I have zero salt water boating experience. So my first concern is from a safety standpoint. My second concern is that I don't know where to even begin looking for a fishing spot. I've reached out to a couple of guides I've used to see if I could get one of them to go with me on my boat and show me the ropes. I haven't received a response yet.

Any advice on boat ramps and places to fish is greatly appreciated. I would think that given my lack of experience, I should probably stick to the inter-coastal and near shore spots. Maybe even the dock lights at night???

Any advice on safety tips and items (i.e. radio) to make me and my boat more salt water safe is also greatly appreciated.

Really appreciate the help!

Talks


----------



## wtbfishin (Dec 2, 2011)

Hogtown Bayou CR 393 & Point Washington CR 395 will be a good launch close by to get U into the bay. PT Washington will have you right at the Inter-coastal.


----------



## a (Oct 2, 2007)

*just a little info*

Pick a boat ramp on a leeward side of an inshore body of water. watch your fathometer or go slow. Look for activity of any sort, birds are good. Flowing (stronger tides) water and early morning, late afternoon topwater flies are good on a 6-9wt rod with a wf line.... Specks, reds, blues and ladyfish lots of blind casting

Id stay away from the gulf for now....if you venture ...a "wisp" of sevin strand steel leader will protect yur fly from the toothed varieties so common this time of year. Or even just 6" of 40lb mono in front of the fly. Bull reds on the beach, spanish mackeral, hardtails, ladyfish/skipjack,.....shark?! sight fish singles and schools.

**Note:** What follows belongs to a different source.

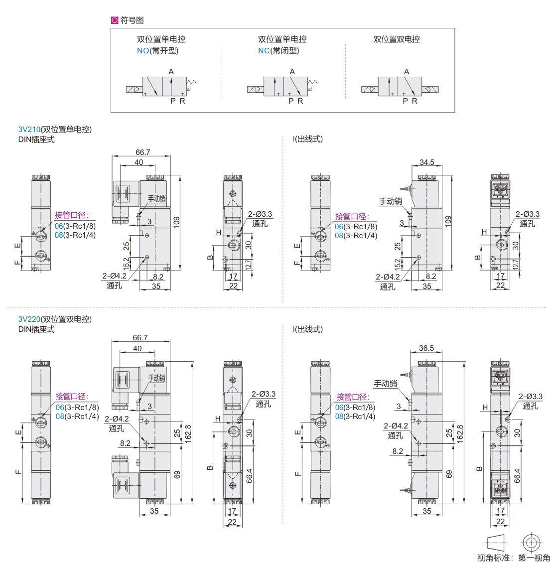 | 型号 | 3V210-06 | 3V220-06 | 3V210-08 | 3V220-08 |
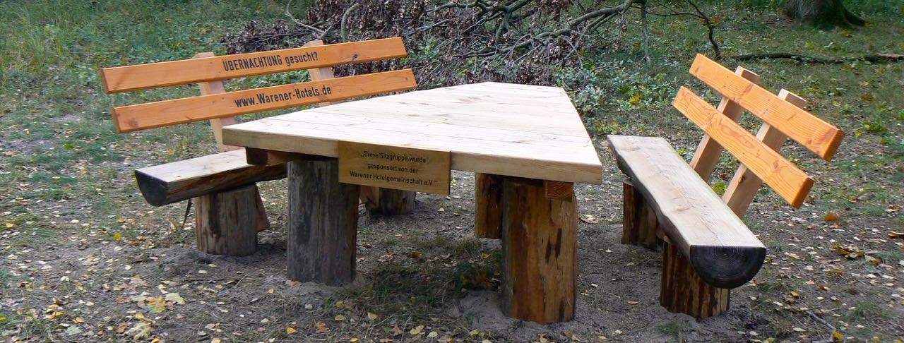 Im April dieses Jahres feierte die Waren Müritz Hotelgemeinschaft ihr 20jähriges Jubiläum (WsM berichtete). Die geladenen Gäste wurden gebteten, statt Blumen und Präsente mitzubringen, lieber für eine Holzsitzbankgruppe an der Feisneck zu spenden. Dieser Bitte kamen die Gäste großzügig nach, und so konnte dann auch noch mit einem Zuschuss der Hoteliers der Stadt Waren eine gemütliche Sitzgruppe im Wert von 1500 Euro aufgestellt werden.

Rinse rods,reels, boat and trailer when finished..
good luck....


----------



## SirTalks (Aug 7, 2015)

Thanks for the responses. Looking forward to putting them to use.


----------



## sureicanfish (Sep 30, 2007)

dock lights at night time!! tons of fun on the fly!!


----------



## wtbfishin (Dec 2, 2011)

sure said:


> dock lights at night time!! tons of fun on the fly!!


 What's the typical water depth where U hit the lights?


----------